Pasteur está presente na estante de Oswaldo Cruz com Etudes sur le vin. Publicada em 1866, o livro enfeixa os resultados das investigações sobre a fermentação do vinho. A pesquisa iniciara em 1864 a pedido do imperador Napoleão III em face das perdas econômicas enfrentadas pelos produtores de vinho e de cervejas devido ao azedamento e alterações de seus produtos. Pasteur mostrou que a fermentação do vinho era provocada por microorganismos presentes no ar, que não resistiam a ação de altas temperaturas. Por isso, como solução para evitar a fermentação, propôs o lento aquecimento das bebidas a uma determinada temperatura (60º C) até serem embaladas em recipientes assépticos e hermeticamente fechados. Demonstrou assim, que o processo de fermentação e decomposição orgânica ocorre devido à ação de organismos vivos, além de inventar a pasteurização, técnica  utilizada até hoje para eliminar microorganismos patogênicos e conservar os alimentos. Em 1865, Pasteur registrou uma patente para esse processo e foi premiado pela Exposição Universal de 1867 por sua pesquisa sobre o vinho.

Segundo Louis Paul Valérie Radot, filho de Pasteur, e editor de suas obras completas, as investigações sobre o vinho mostram o gênio do pai ao aliar a eficácia do método experimental à aplicação prática. Evidenciam também a lógica de encadeamento de seu trabalho desde a investigação sobre a dissimetria molecular, que dera vez às pesquisas sobre fermentações e geração espontânea (leite, vinagre, vinho). Essas consistiram no prelúdio das investigações sobre as doenças contagiosas que conduziram o químico francês a promover uma revolução científica na medicina e na biologia no século XIX.
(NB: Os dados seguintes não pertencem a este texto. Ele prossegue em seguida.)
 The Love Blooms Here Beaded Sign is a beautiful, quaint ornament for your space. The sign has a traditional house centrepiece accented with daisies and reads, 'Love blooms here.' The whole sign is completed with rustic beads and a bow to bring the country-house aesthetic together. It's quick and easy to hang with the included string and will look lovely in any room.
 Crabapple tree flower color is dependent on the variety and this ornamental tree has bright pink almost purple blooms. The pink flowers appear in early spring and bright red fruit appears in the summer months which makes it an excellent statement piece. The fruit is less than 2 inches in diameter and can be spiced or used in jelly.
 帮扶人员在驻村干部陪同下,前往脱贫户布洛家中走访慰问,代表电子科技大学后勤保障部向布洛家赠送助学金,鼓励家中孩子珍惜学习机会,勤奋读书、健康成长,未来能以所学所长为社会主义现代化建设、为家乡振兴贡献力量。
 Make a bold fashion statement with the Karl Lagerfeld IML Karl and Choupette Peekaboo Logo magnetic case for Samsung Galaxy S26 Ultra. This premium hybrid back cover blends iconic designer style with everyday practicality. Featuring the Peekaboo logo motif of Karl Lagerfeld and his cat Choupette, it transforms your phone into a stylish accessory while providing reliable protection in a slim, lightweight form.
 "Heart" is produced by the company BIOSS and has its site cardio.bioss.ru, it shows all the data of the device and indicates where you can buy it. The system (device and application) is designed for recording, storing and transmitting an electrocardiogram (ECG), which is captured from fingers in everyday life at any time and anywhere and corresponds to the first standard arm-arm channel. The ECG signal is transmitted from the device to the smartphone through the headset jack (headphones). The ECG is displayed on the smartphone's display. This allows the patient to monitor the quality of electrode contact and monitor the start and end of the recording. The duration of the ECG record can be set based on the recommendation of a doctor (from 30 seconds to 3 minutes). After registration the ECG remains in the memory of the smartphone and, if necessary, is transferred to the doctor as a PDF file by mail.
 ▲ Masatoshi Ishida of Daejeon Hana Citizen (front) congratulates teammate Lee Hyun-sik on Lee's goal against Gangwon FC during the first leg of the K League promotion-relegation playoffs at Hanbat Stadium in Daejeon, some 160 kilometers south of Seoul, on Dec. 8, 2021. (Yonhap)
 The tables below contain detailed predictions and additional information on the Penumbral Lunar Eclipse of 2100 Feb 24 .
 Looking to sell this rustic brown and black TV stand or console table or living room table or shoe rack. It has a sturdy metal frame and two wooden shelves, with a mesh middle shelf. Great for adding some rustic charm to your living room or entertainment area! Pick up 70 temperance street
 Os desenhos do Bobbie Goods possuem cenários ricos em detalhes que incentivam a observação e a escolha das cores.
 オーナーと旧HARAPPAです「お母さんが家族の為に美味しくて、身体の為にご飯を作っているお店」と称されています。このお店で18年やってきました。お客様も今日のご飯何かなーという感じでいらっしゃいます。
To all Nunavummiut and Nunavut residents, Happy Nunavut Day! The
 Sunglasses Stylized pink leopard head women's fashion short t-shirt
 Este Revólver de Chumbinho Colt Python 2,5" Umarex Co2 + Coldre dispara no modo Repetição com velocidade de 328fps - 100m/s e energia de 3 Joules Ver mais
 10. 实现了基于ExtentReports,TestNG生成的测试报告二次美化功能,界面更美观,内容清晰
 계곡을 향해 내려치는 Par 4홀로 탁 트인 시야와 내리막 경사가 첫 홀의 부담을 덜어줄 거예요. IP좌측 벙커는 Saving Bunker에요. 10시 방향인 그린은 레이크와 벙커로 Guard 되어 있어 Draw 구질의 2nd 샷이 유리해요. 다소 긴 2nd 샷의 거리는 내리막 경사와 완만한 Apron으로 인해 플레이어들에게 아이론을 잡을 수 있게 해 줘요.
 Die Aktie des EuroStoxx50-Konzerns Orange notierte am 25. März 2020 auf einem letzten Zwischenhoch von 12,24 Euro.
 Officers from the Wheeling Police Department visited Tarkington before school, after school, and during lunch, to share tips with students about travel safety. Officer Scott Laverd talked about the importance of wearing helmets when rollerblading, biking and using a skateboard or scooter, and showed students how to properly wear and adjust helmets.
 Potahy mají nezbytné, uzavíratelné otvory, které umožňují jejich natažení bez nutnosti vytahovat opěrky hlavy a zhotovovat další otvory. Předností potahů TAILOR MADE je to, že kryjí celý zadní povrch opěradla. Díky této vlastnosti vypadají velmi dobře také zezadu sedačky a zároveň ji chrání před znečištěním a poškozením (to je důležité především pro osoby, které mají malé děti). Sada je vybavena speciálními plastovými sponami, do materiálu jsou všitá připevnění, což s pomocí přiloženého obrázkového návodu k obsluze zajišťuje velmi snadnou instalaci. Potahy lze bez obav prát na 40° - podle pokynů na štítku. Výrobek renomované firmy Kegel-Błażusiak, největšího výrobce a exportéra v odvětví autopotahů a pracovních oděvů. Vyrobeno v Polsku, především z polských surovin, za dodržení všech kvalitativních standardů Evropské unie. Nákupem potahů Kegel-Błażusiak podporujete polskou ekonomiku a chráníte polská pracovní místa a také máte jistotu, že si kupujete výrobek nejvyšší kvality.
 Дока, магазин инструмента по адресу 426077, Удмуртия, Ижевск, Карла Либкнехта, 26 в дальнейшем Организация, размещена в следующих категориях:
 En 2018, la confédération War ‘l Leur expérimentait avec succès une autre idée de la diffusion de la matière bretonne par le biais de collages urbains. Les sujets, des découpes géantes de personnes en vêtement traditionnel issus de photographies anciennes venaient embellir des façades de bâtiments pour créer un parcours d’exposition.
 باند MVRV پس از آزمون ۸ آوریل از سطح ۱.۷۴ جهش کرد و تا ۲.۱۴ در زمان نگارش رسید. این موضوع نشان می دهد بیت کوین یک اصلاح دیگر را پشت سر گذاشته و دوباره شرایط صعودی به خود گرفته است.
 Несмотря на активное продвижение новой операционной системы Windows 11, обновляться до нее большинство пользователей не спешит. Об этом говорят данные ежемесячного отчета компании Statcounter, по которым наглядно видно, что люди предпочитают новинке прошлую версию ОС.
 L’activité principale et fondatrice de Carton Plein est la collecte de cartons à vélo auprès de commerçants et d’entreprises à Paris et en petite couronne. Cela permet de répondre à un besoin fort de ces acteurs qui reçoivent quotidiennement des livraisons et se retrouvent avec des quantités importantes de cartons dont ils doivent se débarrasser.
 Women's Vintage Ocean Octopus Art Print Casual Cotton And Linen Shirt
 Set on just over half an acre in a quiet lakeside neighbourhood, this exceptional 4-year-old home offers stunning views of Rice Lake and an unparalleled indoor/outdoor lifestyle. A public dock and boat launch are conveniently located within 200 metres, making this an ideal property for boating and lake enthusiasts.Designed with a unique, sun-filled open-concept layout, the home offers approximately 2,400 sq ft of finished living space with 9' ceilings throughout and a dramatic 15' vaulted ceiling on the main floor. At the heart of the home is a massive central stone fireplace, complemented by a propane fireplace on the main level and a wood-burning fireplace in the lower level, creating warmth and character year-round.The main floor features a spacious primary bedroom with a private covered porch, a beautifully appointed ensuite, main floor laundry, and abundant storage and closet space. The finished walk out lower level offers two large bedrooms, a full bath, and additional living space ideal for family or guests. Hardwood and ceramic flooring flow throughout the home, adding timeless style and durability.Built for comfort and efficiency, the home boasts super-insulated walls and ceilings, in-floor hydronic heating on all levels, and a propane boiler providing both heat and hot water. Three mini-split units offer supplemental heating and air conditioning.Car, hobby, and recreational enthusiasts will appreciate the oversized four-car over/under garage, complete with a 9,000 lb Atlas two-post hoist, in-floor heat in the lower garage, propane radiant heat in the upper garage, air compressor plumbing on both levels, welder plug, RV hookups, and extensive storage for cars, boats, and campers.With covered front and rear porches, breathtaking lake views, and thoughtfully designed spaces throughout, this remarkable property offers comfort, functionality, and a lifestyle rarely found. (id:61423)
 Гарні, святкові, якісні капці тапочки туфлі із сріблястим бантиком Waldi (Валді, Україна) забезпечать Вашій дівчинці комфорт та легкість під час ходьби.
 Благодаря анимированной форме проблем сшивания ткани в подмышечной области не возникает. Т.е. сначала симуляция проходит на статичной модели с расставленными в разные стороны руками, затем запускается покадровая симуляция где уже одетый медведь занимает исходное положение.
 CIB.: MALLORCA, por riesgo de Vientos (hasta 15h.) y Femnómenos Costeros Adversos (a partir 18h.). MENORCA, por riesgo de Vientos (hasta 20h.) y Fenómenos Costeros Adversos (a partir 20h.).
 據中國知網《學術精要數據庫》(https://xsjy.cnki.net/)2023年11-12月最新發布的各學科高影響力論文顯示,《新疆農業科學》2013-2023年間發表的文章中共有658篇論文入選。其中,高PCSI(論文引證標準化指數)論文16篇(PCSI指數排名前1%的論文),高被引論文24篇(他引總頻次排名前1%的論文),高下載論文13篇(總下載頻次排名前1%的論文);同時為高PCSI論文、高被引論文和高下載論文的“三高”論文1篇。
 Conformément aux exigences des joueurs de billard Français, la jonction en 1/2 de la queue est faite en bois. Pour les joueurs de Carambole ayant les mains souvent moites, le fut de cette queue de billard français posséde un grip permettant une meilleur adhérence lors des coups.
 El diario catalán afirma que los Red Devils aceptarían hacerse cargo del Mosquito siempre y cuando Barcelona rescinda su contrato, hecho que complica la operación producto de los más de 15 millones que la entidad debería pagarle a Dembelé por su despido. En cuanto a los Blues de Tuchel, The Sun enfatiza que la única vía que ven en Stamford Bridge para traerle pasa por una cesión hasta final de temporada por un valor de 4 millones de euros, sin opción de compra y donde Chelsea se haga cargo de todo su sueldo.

Leçons de physiologie opératoire, de 1879, é a primeira edição do último trabalho de Claude Bernard, morto no ano anterior, que trata de um assunto que o notabilizou: o método operatório em animais vivos (vivissecção), aprendido com seu mestre François Magendie, fisiologista catedrático do Collége de France. Esse foi um dos pilares da fisiologia praticada por Bernard, baseada na pesquisa de laboratório, tema de outro de seus livros, Introduction a l’étude de la médecine éxperimentale (1865). Reconhecido como o fundador da moderna fisiologia experimental pelas inúmeras contribuições que deu à compreensão do funcionamento dos organismos vivos, Bernard se destacou pela forma de pensar e aplicar o método experimental em medicina. Considerava o laboratório “o templo da ciência moderna”, não apenas o lugar da observação, mas do controle dos fatos: “as ideias não vêm do céu, se não dos fatos, e a experimentação é o controle dos fatos”. Em virtude de suas descobertas e de sua influência na ciência e na medicina francesas, Bernard tornou-se ainda em vida um dos mais premiados cientistas de seu país, lado a lado com seu contemporâneo, Louis Pasteur.

Por último, uma curiosidade: na extensa bibliografia laudatória sobre Oswaldo Cruz, produzida após sua morte, foi-lhe conferido o título de fundador da medicina experimental no Brasil em clara e inequívoca referência ao notável fisiologista francês.